Получилось в результате не плохо, хоть и не совсем так, как задумывал Марков. Карманные барабанники пусть и стали его фишкой, но основные деньги производство все равно получало сначала с казённых оружейных заказов, а потом, уже после 1839 года — с экспортных поставок длинноствольного оружия.
Меж тем моя промышленная империя продолжала расширяться не только за счет железнодорожного строительства и оружейных заводов. В начале лета 1836 года первую продукцию дал медеплавильный завод под Екатеринбургом возле поселка Зюзинского. Медь там была хорошая — достаточно богатые жилы с содержанием металла в 6–10% а также примесями золота и серебра. Месторождение это было обнаружено совершенно случайно при трассировке железнодорожной линии от Екатеринбурга на юг в сторону Челябинска и будущего Магнитогорска, однако было, при этом как нельзя кстати.
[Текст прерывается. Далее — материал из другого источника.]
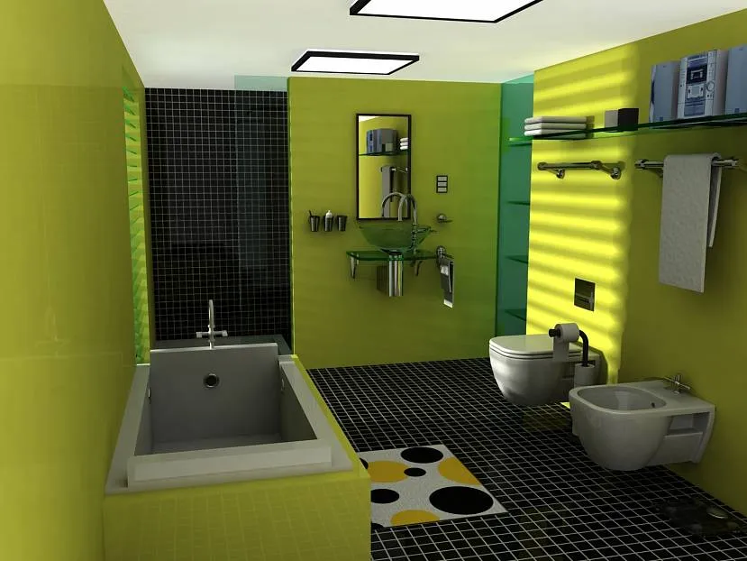 Жизнерадостный зеленый двух оттенков в ванной комнате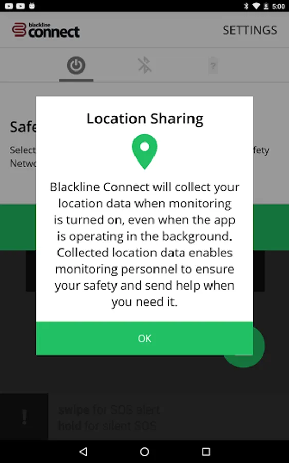 Blackline Connect runs in the background and connects to the Blackline Safety Cloud, reporting safety status and location information. Should an emergency occur, Blackline Connect triggers an alert to a live monitoring team to direct help to the employee’s location. Live monitoring options include supervisors, a control room, central monitoring station or Blackline’s 24/7 in-house Safety Operations Center / Alarm Receiving Center partner.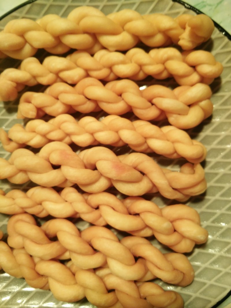 9:搓成麻花,有时间的小伙伴可以搓细点,做小点,我因为要照顾八个月的娃娃时间紧迫就搓的很大。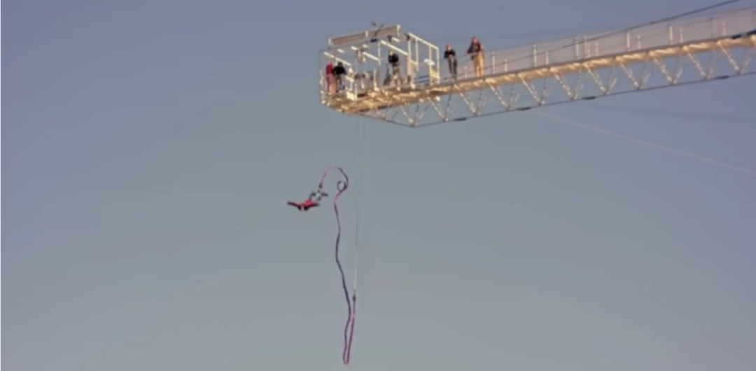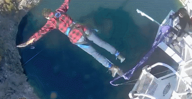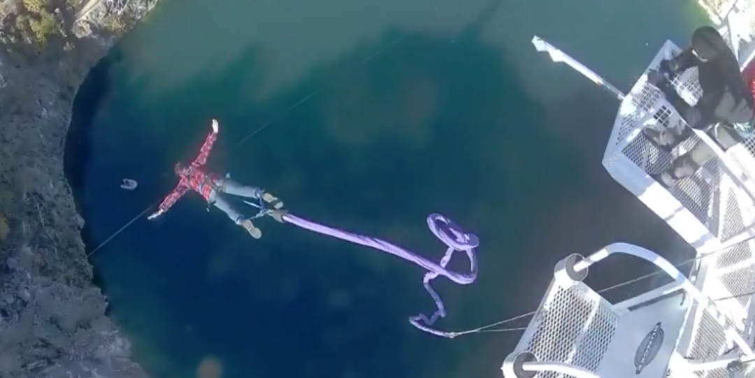 网上流传的一段视频显示了他从200英尺(60米)高的蹦极台上一跃而下的全过程。还真是,相当的疯狂…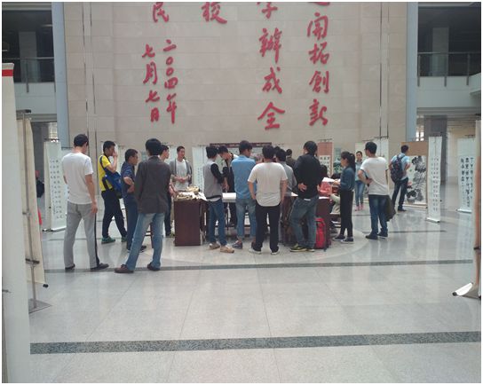 三校书法协会负责人齐聚活动现场,相互切磋书法技艺,共同交流书法心得。精心挑选的书法精品一经展出,迅速吸引了众多书法爱好者前来观看。书法协会的工作人员不仅耐心地给参观者介绍每幅作品的字体及历代书法名流等相关书法知识,还现场写字赠送慕名而来的书法爱好者,让大家在了解相关书法知识的同时,更能切身地感受到书法文化的无穷魅力。前来观看书法展的同学络绎不绝,现场气氛积极热烈。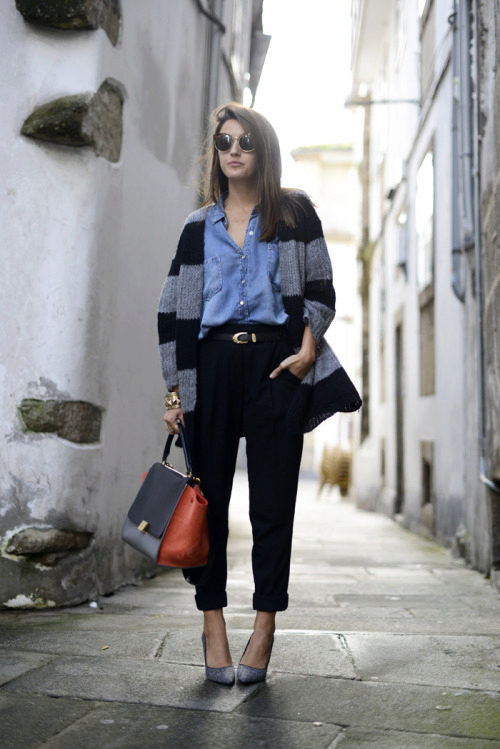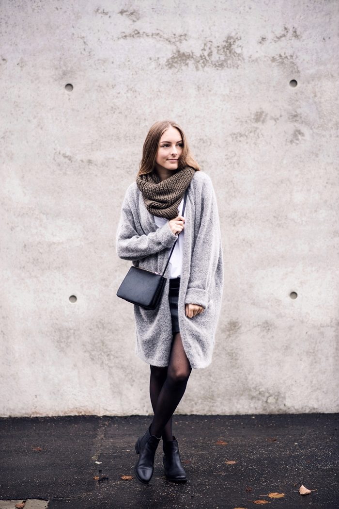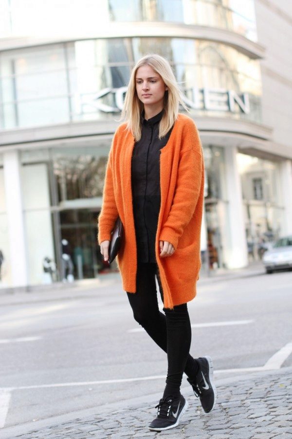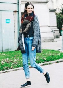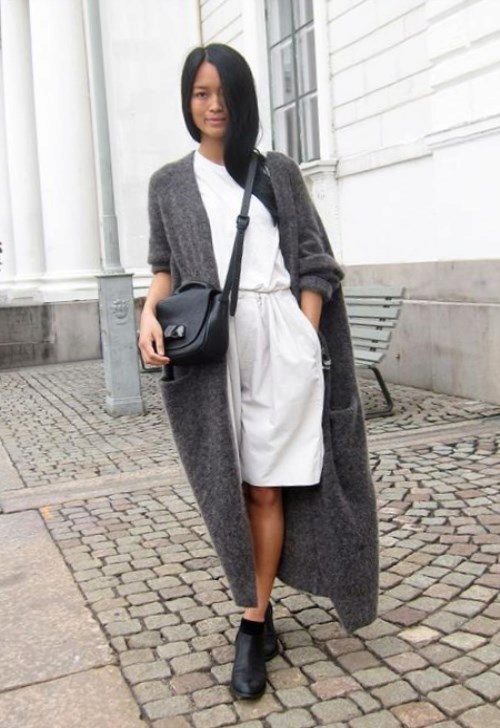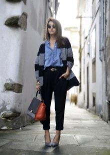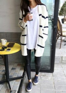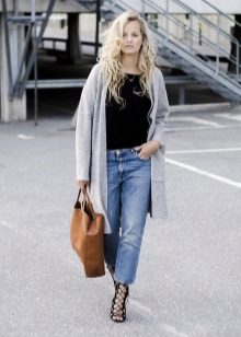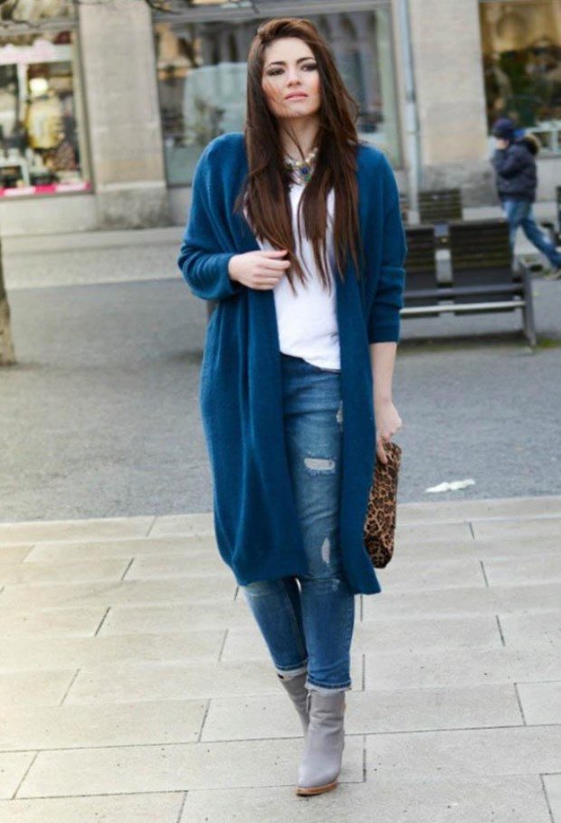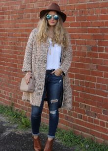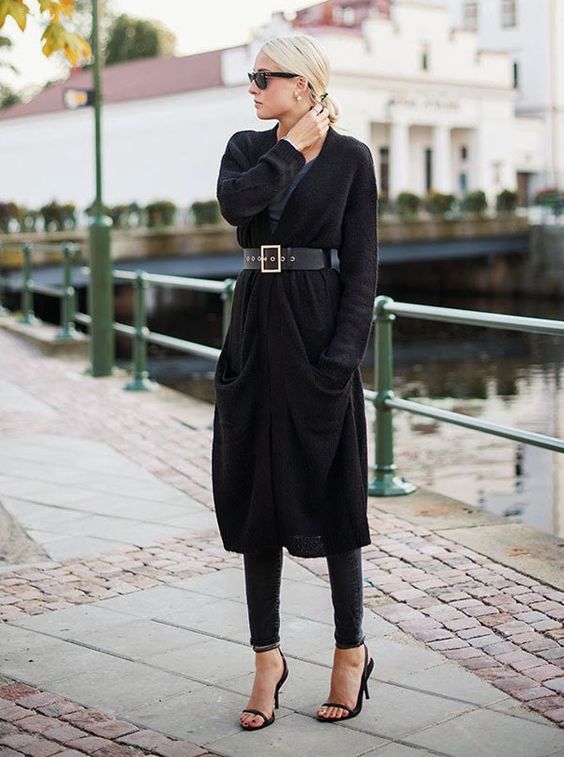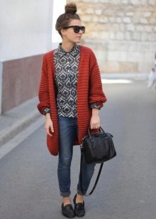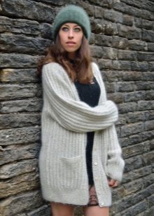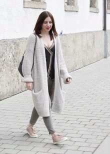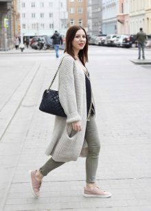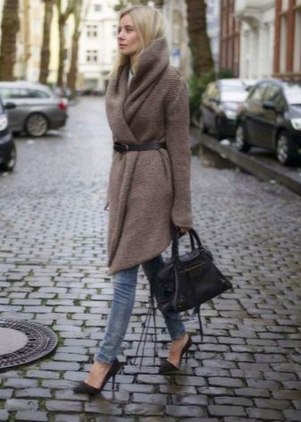 If necessary, you can emphasize the waist with a belt. But this technique is suitable for thin light cardigans, you should not use it for oversized models.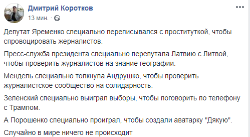 И у многих журналистов возникли сомнения – действительно ли снята переписка Яременко. Но эти сомнения оперативно развеял сам нардеп, фактически все признав.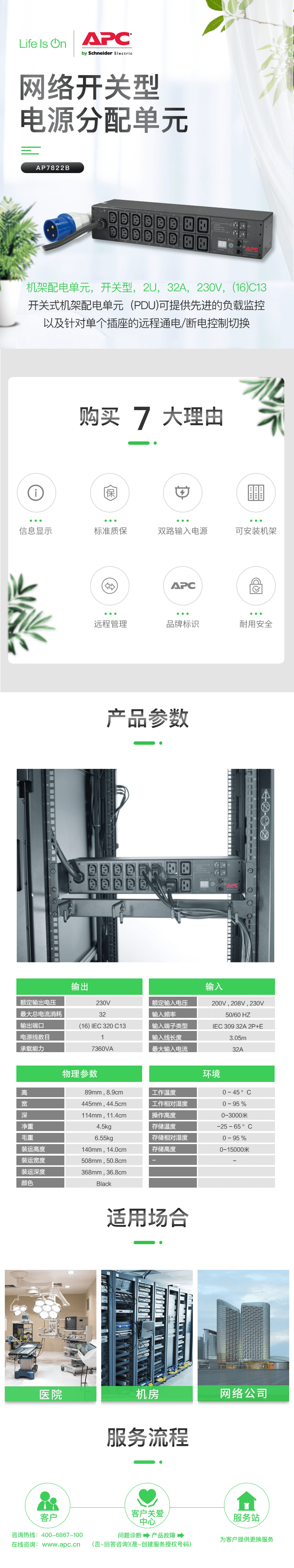 APC 施耐德 AP7822B 计量式PDU 2U32A230VC13*12C19*4
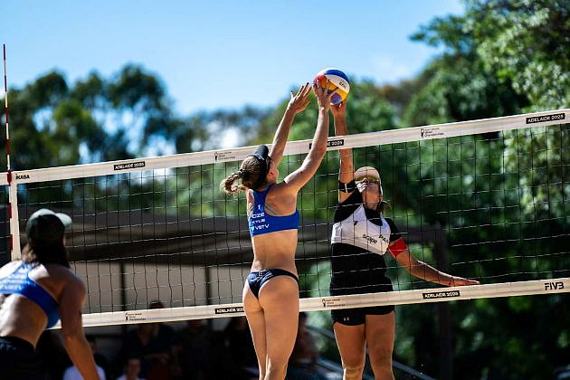 České ženské dvojky vstoupily do utkání lépe a při technické time outu vedly 12:9, Paraguayky se ale nevzdaly a skvělým sidoutem a dohranými bodovými míči postupně vývoj první sady otočily a zvítězily 21:18. Druhý set byl ale o něčem jiném. „Zatlačily jsme na servisu, zlepšily se v obraně a pestrou hrou si udržovaly procenta na útoku velice vysoko,” popsala Kylie díky čemu společně s Marťou poslaly utkání do tie breaku – 21:16.

Развивающаяся в империи электротехническая промышленность требовала кратного увеличения выплавки меди, а тут и место оказалось удобным и железная дорога рядом — красота.
Вообще по производству меди в империи, как по металлургии вообще достаточно больно ударила крестьянская реформа 1829 года. На многих предприятиях основную часть рабочей силы составляли крепостные, которые подчас влачили весьма жалкое существование. Столкнувшись с возможностью потерять опытную рабочую силу, уральские заводчики были вынуждены резко улучшить условия труда, назначить достойное жалование и пойти на прочие дополнительные расходы, что в моменте даже привело к сокращению выплавки той же меди на 10–15%. Впрочем, в том числе и благодаря дешевым государственным кредитам на развитие и модернизацию производства, миникризис был быстро преодолен и отрасль вновь начала отрастать. Если переводить все вышесказанное в числовую форму, то в 1825 году общая выплавка меди составила около 350 тысяч пудов, а спустя 10 лет доросла до 460 тысяч пудов. При этом один только Зюзинский завод, построенный по всем самым последним технологиям и использующий уголь в качестве топлива, а не дрова как многие предприятия Урала, уже в 1837 году выйдя на проектную мощность, дал 74 тысячи пудов меди или 15% всего объема ее годового производства в России.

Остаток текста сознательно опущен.